» GIVEN RECORDS

────

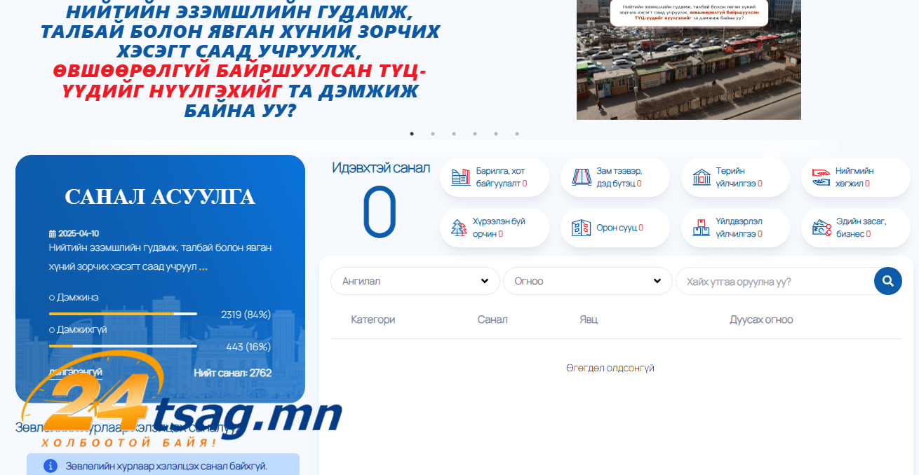 Санал асуулга дөрөвдүгээр сарын 10-17-ны өдрүүдийг дуустал буюу долоо хоног үргэлжилнэ. Иргэд та бүхнийг санал асуулгад идэвхтэй оролцохыг уриалж байна. Та бүхэн доорх линкээр санал асуулгад оролцоно уу.
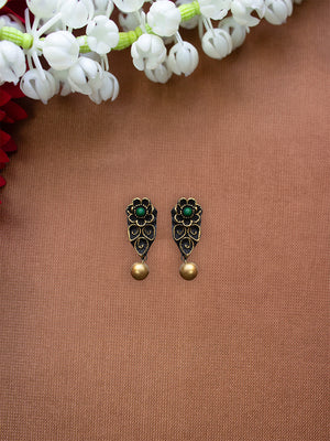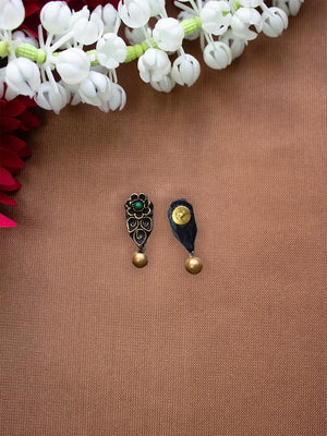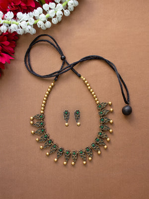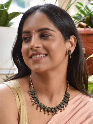 Antique Gold Black Green Leaf Design Handmade Terracotta Necklace Set
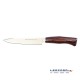 Empuñadura fabricada en madera prensada coral con casquillo inox. Es una buena elección si lo que busca es un cuchillo de caza que no sea demasiado grande.
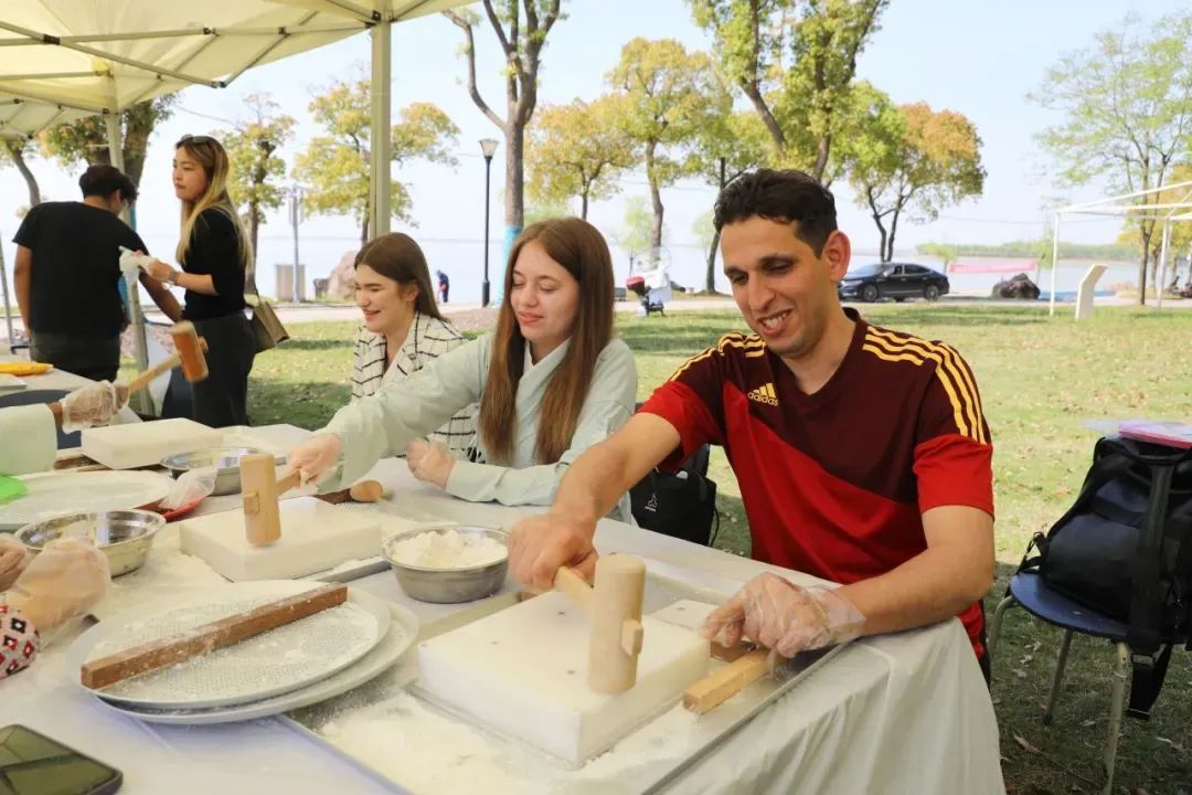 除了赏花、划龙舟,主办方还为留学生们精心设计了与“谷雨”节气相关的活动,体验了槐花焋糕制作、品谷雨茶、赏谷雨画、谷雨观鸟等。
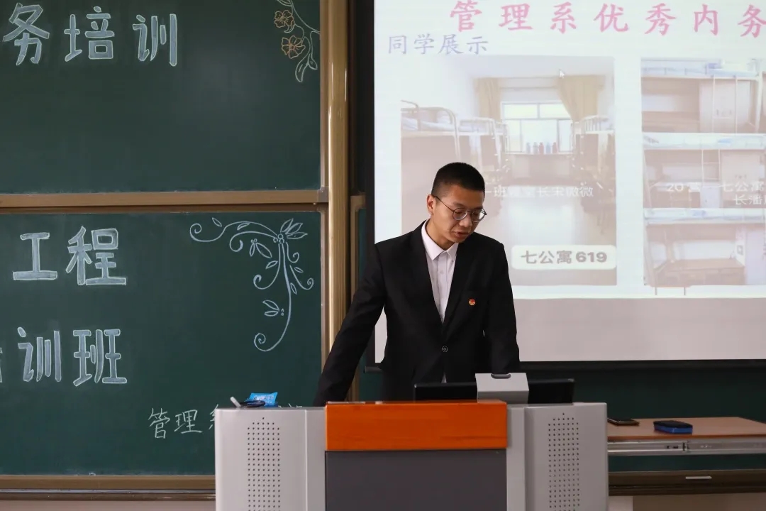 下午13时30分,培训正式开始。会议伊始,主持人对本期青马培训会议的整体情况进行了简要介绍。随即,每位部长开始对此培训会议进行演讲。他们分别从当代年轻人应有的良好品格和校内文化生活两部分进行详细解说,提高了同学们对我系活动开展的正确理解,明确了作为一代青年人应践行的使命与担当。每位部长的精彩演讲使得同学们更加明确自身职责,对同学们的自我提高起到了积极作用,为下一步的工作计划的开展奠定了良好基础。最后,组织部部员田庚、赵海飞进行PPT讲解。此次会议倡导,奏响青春华章,日夜不辍之奋斗是其主旋律。新时代的奋斗者们要坚定奋斗理念,洗去浮华,终现峥嵘!
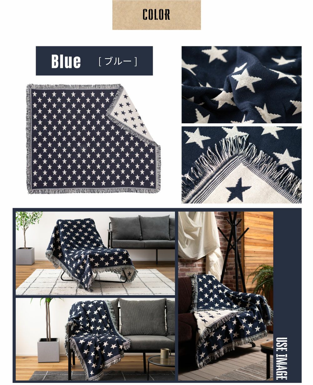 他の画像を見る アメリカンヴィンテージ風星柄ブランケット ブランケット 130×150 大判 星 スター ひざ掛け 膝掛け コットン|FAERA 完成品 ¥ 4,224 税込 (0) お気に入りに登録する
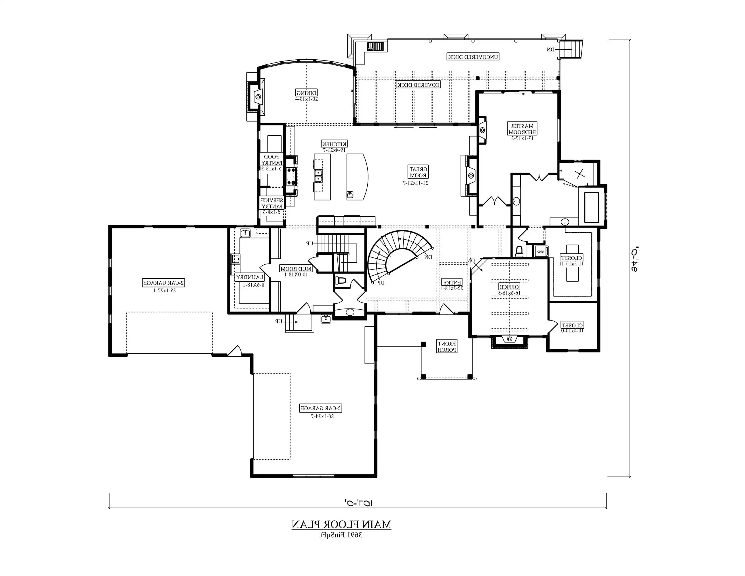 House Plan 10618 offers 5,002 square feet of refined living with 4 bedrooms, 3.5 baths, and a split 4-car courtyard garage. The covered front entry opens to a grand spiral staircase and leads into an airy, open-concept design. Highlights include a two-story great room, a chef’s kitchen with double islands and a large walk-in pantry, and a stunning window-lined dining area. The main-level primary suite impresses with outdoor access, a luxurious ensuite, and a massive walk-in closet, while three spacious bedrooms upstairs provide comfort and flexibility for family or guests.
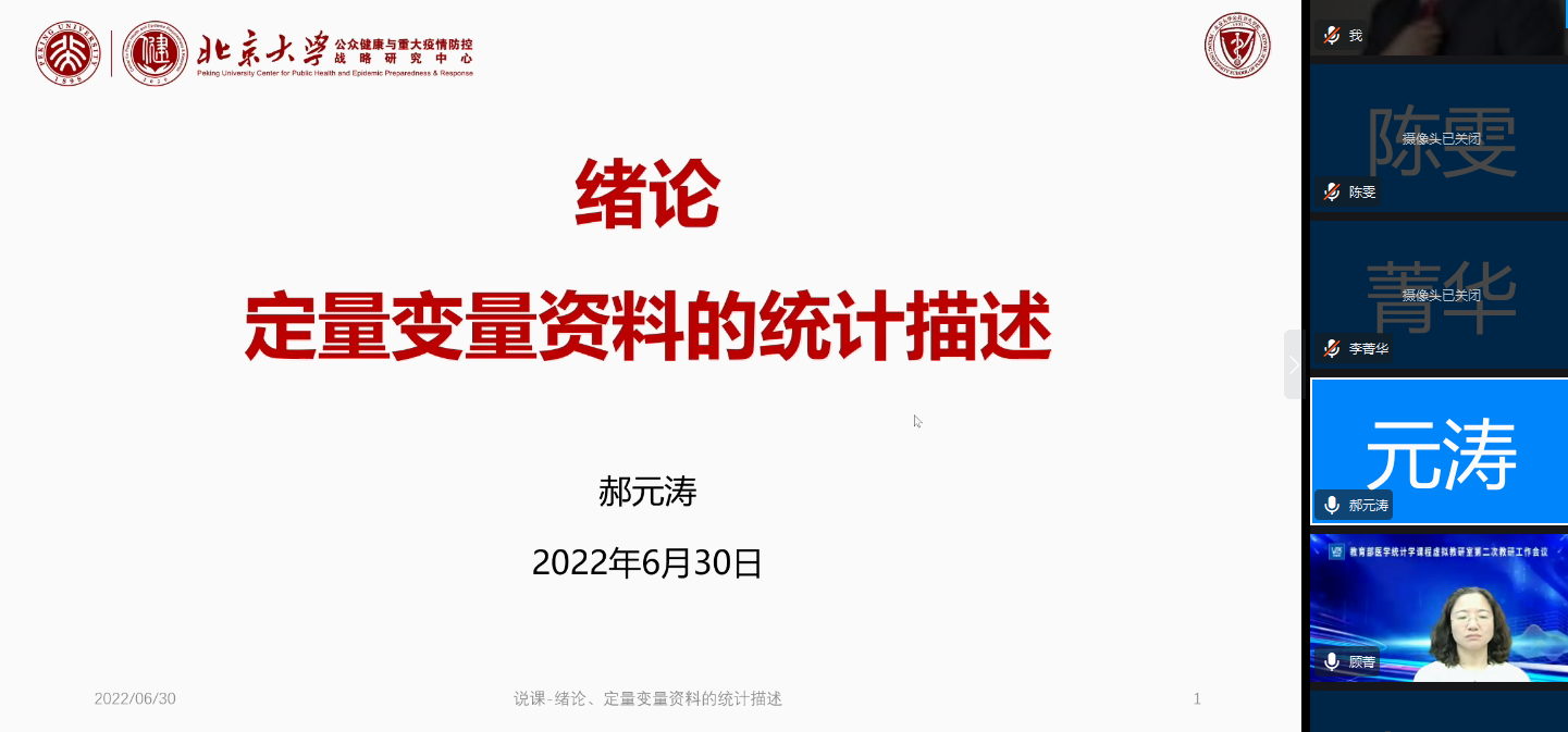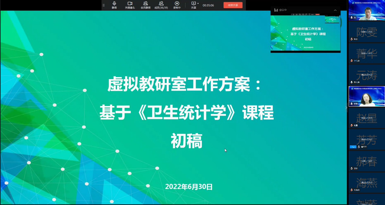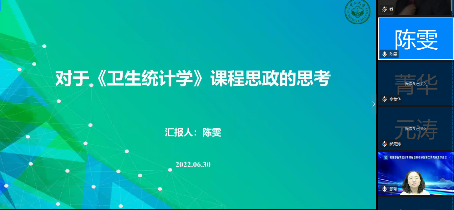 为推动虚拟教研室建设,促进教学资源的互联互通、共建共享,并探索新的教研形态,“医学统计学课程虚拟教研室”于2022年6月30日举行了第二次教研工作交流会,会议主要内容为虚拟教研室工作方案讨论、负责人说课示范以及医学统计学教学分享。10所参与虚拟教研室建设高校的牵头人、骨干教师以及教学秘书50余人参加了线上会议。本次会议由虚拟教研室骨干教师,yl88858永利集团公共卫生学院医学统计教研室郝春副教授主持。
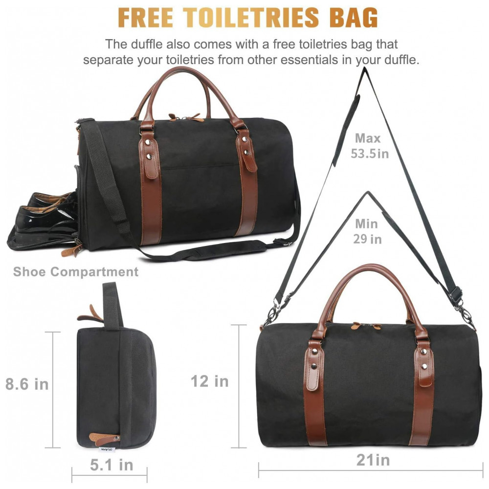 Uma bolsa de viagem de grande porte que pode acomodar de 2 a 4 dias com itens essenciais diários, como roupas, sapatos, copos e dispositivos eletrônicos. O compartimento principal também vem com um bolso com zíper interno e 2 bolsos externos grandes para guardar seu smartphone, identidade ou passaporte.
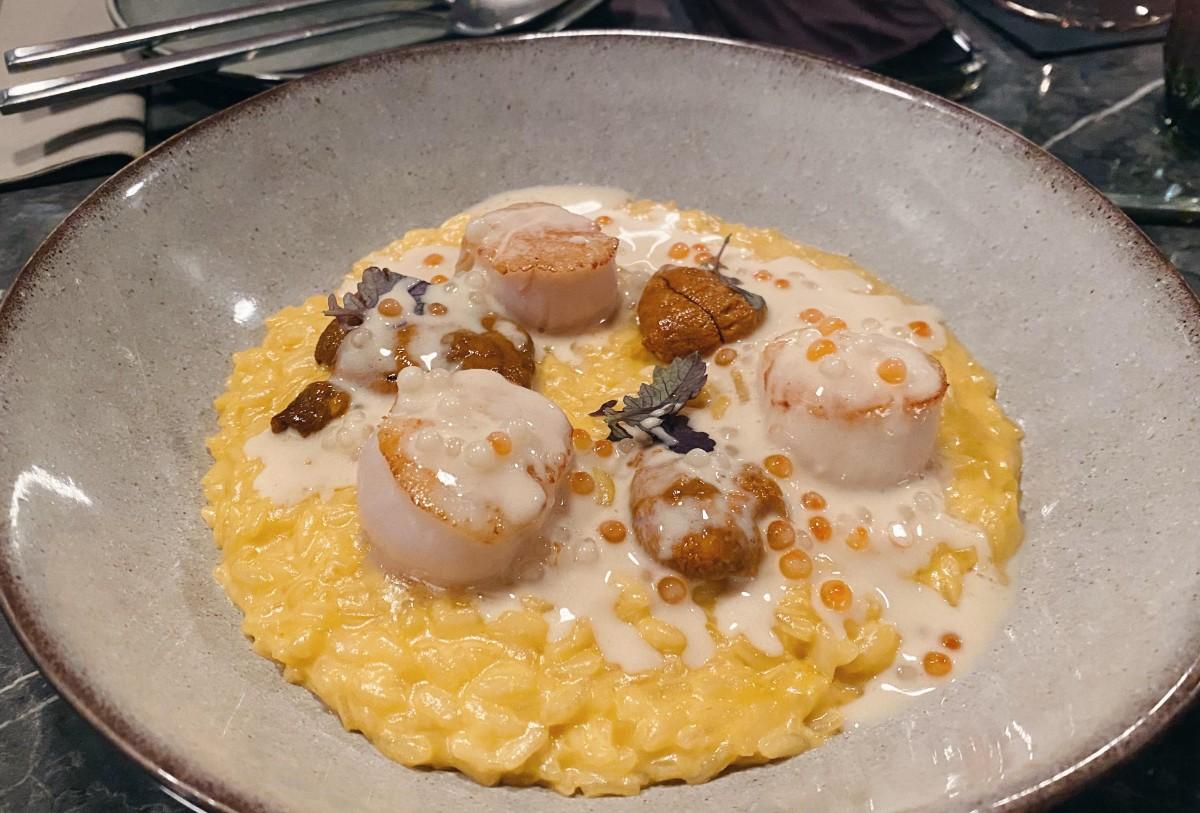 奶黃色的燉飯是先用海膽和味增燉煮後放上生食級的熟干貝和新鮮海膽,已是海味滿滿的一道餐點,居然在上桌時還又淋上了白酒奶油鮭魚卵醬,根本是海鮮澎湃包,入口鮮味整個在口中炸開,在吞下之前突然感受到一絲絲清爽的餘韻...天啊,是用柚子將所有鮮味收入清爽中,即使一個人吃完整盤都不會感到過膩.

────

» YOUR INSTRUCTIONS
In the listing above, find the line with "Antique Gold Black" and the line with "他の画像を見る アメリカンヴィンテージ風星柄ブランケット ブランケット". Set down exactly those lines and everything between them, skipping pictures.

» SOLUTION BELOW
 Antique Gold Black Green Leaf Design Handmade Terracotta Necklace Set
 Empuñadura fabricada en madera prensada coral con casquillo inox. Es una buena elección si lo que busca es un cuchillo de caza que no sea demasiado grande.
 除了赏花、划龙舟,主办方还为留学生们精心设计了与“谷雨”节气相关的活动,体验了槐花焋糕制作、品谷雨茶、赏谷雨画、谷雨观鸟等。
 下午13时30分,培训正式开始。会议伊始,主持人对本期青马培训会议的整体情况进行了简要介绍。随即,每位部长开始对此培训会议进行演讲。他们分别从当代年轻人应有的良好品格和校内文化生活两部分进行详细解说,提高了同学们对我系活动开展的正确理解,明确了作为一代青年人应践行的使命与担当。每位部长的精彩演讲使得同学们更加明确自身职责,对同学们的自我提高起到了积极作用,为下一步的工作计划的开展奠定了良好基础。最后,组织部部员田庚、赵海飞进行PPT讲解。此次会议倡导,奏响青春华章,日夜不辍之奋斗是其主旋律。新时代的奋斗者们要坚定奋斗理念,洗去浮华,终现峥嵘!
 他の画像を見る アメリカンヴィンテージ風星柄ブランケット ブランケット 130×150 大判 星 スター ひざ掛け 膝掛け コットン|FAERA 完成品 ¥ 4,224 税込 (0) お気に入りに登録する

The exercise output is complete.